**Task statement**: Repeat, exactly as they appear, the lines from the one with "Combination Mealworm, Suet Balls & Peanut Feeder - Feed" through the last line of the entries below, but none of the pictures.

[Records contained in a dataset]
=-=-=

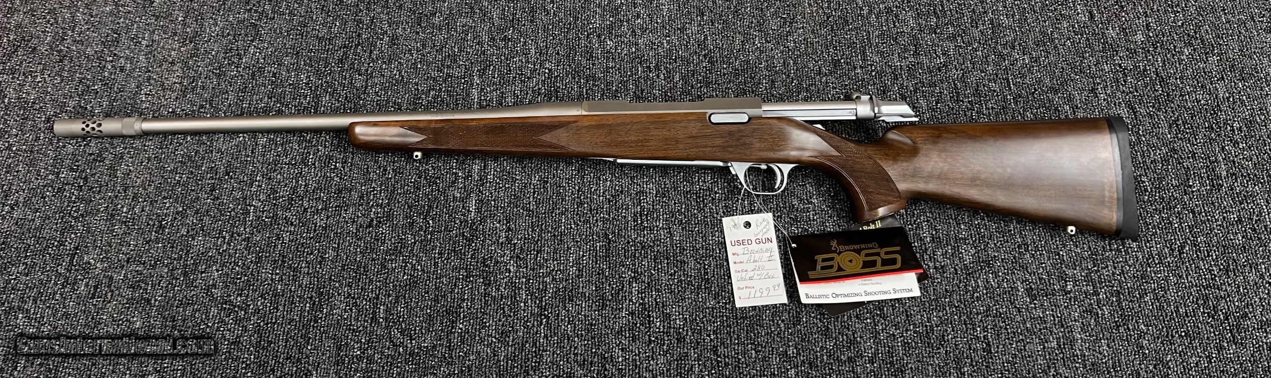 Description: Browning A-bolt II stainless greywolf BOSS. This was amnufactured in 1994 and was only produced in this stainless/walnut finish for around 3 years. Chambered in .280 remington with 22" barrel. Gun is UNFIRED, NIB that customer won at National Wild Turkey banquet in 1994. Factory Browning tags never removed from tigger guard. Small scratch in butt end of stock as pictured. Comes with factory original box. $1200.00...buyer pays shipping and insurance Email: Johnsonsgunsyahoo Phone: 517-265-2654 Used firearm : johnsonsgunsyahoo W. Johnson Service Inc. 3654 N. Adrian Hwy. Adrian, MI 49221 SOLD Rifle Caliber: .280 Remington Manufacturer: Browning Model: A-bolt II Barrel Length: 22 Condition: NIB Metal Condition: NIB Wood Condition: NIB Bore Condition: Unfired |
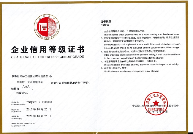 11月23日,中國施工企業(yè)管理協(xié)會(huì )于北京召開(kāi)2017年工程建設誠信企業(yè)推薦大會(huì )。會(huì )上公布表彰了工程建設誠信典企型業(yè)和AAA信用等級企業(yè),并進(jìn)行現場(chǎng)授牌。路橋集團獲得AAA級企業(yè)信用等級,被評為AAA級信用企業(yè)。
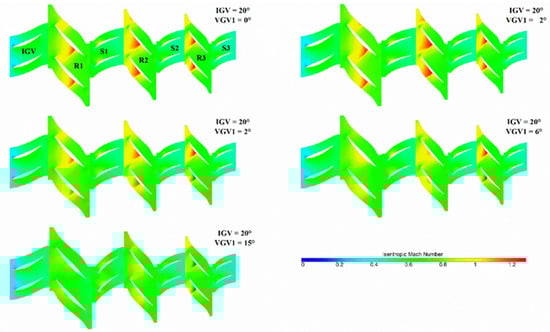 The isentropic Mach number distribution at 50% span of different VGV1 turning angles is shown in Figure 19. The peak Mach number of the rotors in first three stages are all larger than 1, and a strong shock wave occurs, which causes the interaction between the shock wave and boundary layer, resulting in a large shock wave loss. Due to the IGV opening degree being closed, the shock wave position of R1 moves to trailing edge, and the shock wave intensity is weaker than that of R2. As the VGV1 turning angle gradually increases from to , the peak Mach number in both R1 and R2 is significantly reduced, and the shock loss will also be reduced.
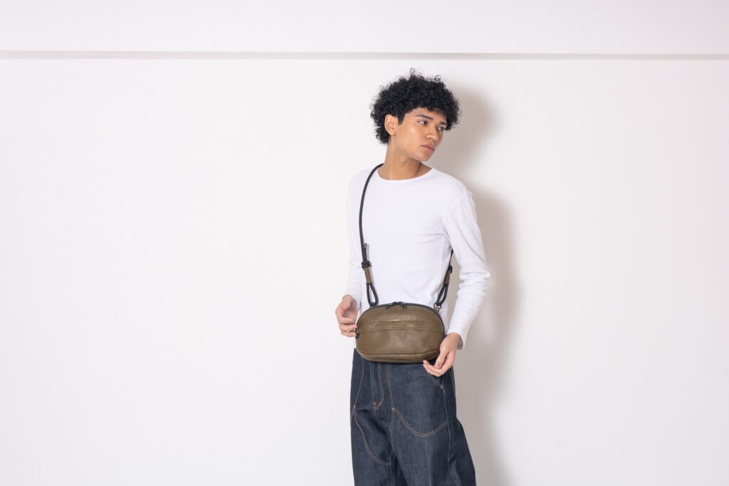 P.S(POCKET SHOULDER)シリーズ。BACK PACKなどのPOCKETをトレースし、より機能的にデザインした、REPRODUCTION SHOLDER BAG。ショルダーパーツのアタッチメントは、ドイツ企業であるFIDLOCK社のマグネット式アタッチメントを搭載しており、簡単に着脱することが可能です。STAFFBAGとしての役割も担えます。本体のレザーはゆっくりと時間かけられて鞣されたオリジナルベジタブルタンニンレザーを使用。天然素材ならではの自然な表情と、使い込むことによって生まれる美しい経年変化と味わえます。また、タンナー独自の染色加脂加工技術により、肌に吸い付くようなソフトでハリののあるタッチ感を実現しています。 ショルダー紐は8mm芯入りナイロンハードロープを仕様し、肩への負担が軽減される太さのショルダー紐を採用しました。長さ調整も両サイドで可能となっております。
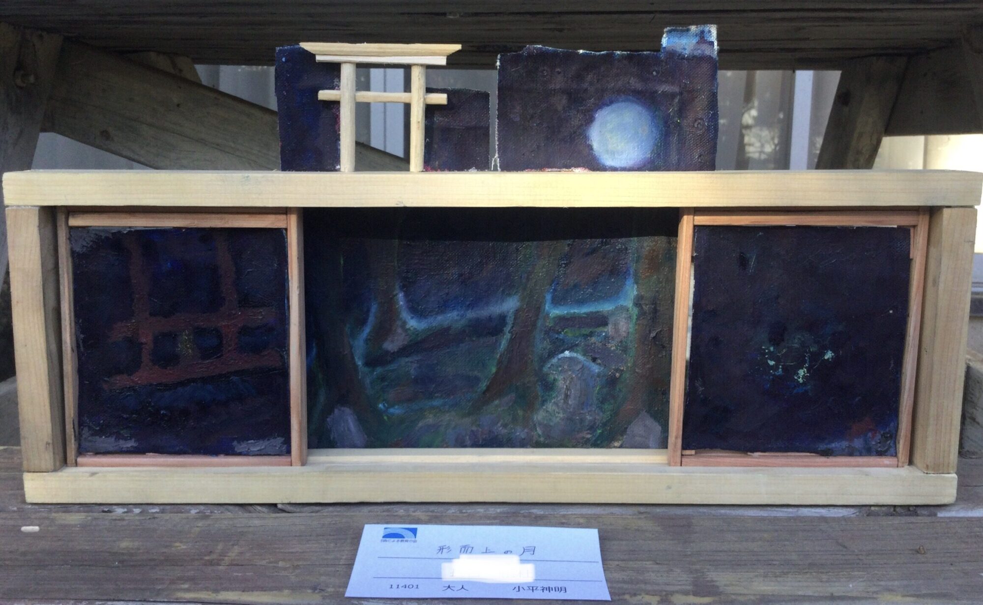 この作品にはいろいろな黒が使われていて鳥居や月がすごくその黒によって綺麗に見えました。素敵です!
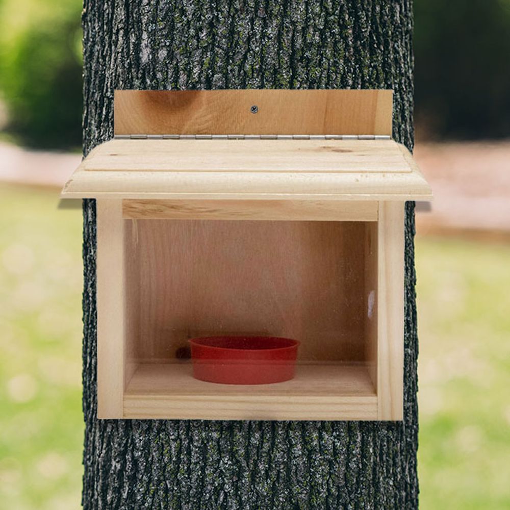 Combination Mealworm, Suet Balls & Peanut Feeder - Feed your feathered friends year-round with the Combination Mealworm, Suet Balls & Peanut Feeder. A unique stainless steel sleeve slides up or down to give access the desired type of food. Slide sleeve down to feed mealworms, slide up to feed peanuts and suet balls. Offering different seed mixes attracts the widest variety wide variety of birds, including Cardinals, Nuthatches, Chickadees, Finches and Woodpeckers. Roof slides up to fill with food, constructed of powder coated steel for durability.
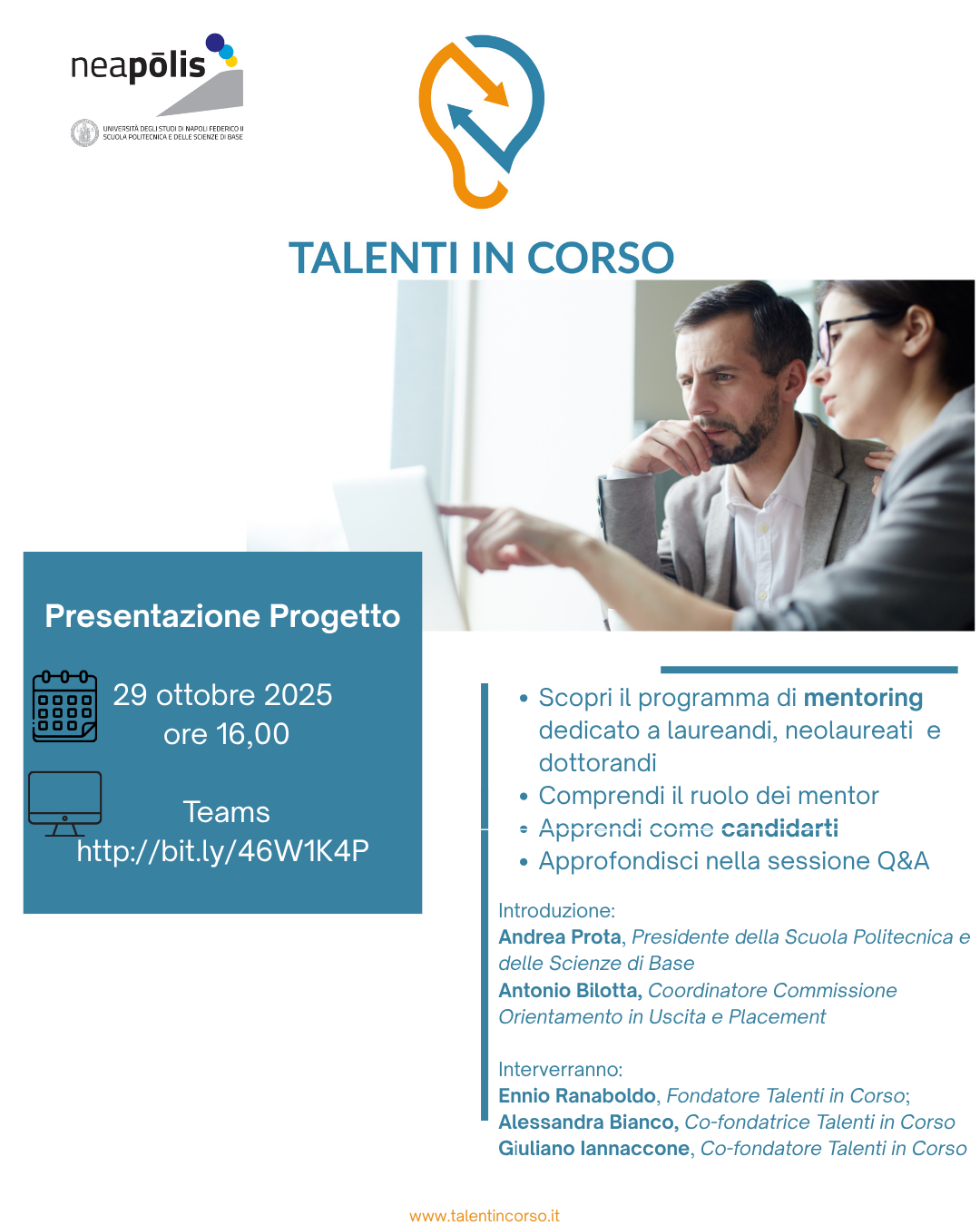 Talenti in Corso – mercoledì 29 ottobre alle ore 16 verrà presentato su teams il progetto Talenti in Corso un programma di mentoring per laureandi e neolaureati

=-=-=

**Response for this exercise**:
 Combination Mealworm, Suet Balls & Peanut Feeder - Feed your feathered friends year-round with the Combination Mealworm, Suet Balls & Peanut Feeder. A unique stainless steel sleeve slides up or down to give access the desired type of food. Slide sleeve down to feed mealworms, slide up to feed peanuts and suet balls. Offering different seed mixes attracts the widest variety wide variety of birds, including Cardinals, Nuthatches, Chickadees, Finches and Woodpeckers. Roof slides up to fill with food, constructed of powder coated steel for durability.
 Talenti in Corso – mercoledì 29 ottobre alle ore 16 verrà presentato su teams il progetto Talenti in Corso un programma di mentoring per laureandi e neolaureati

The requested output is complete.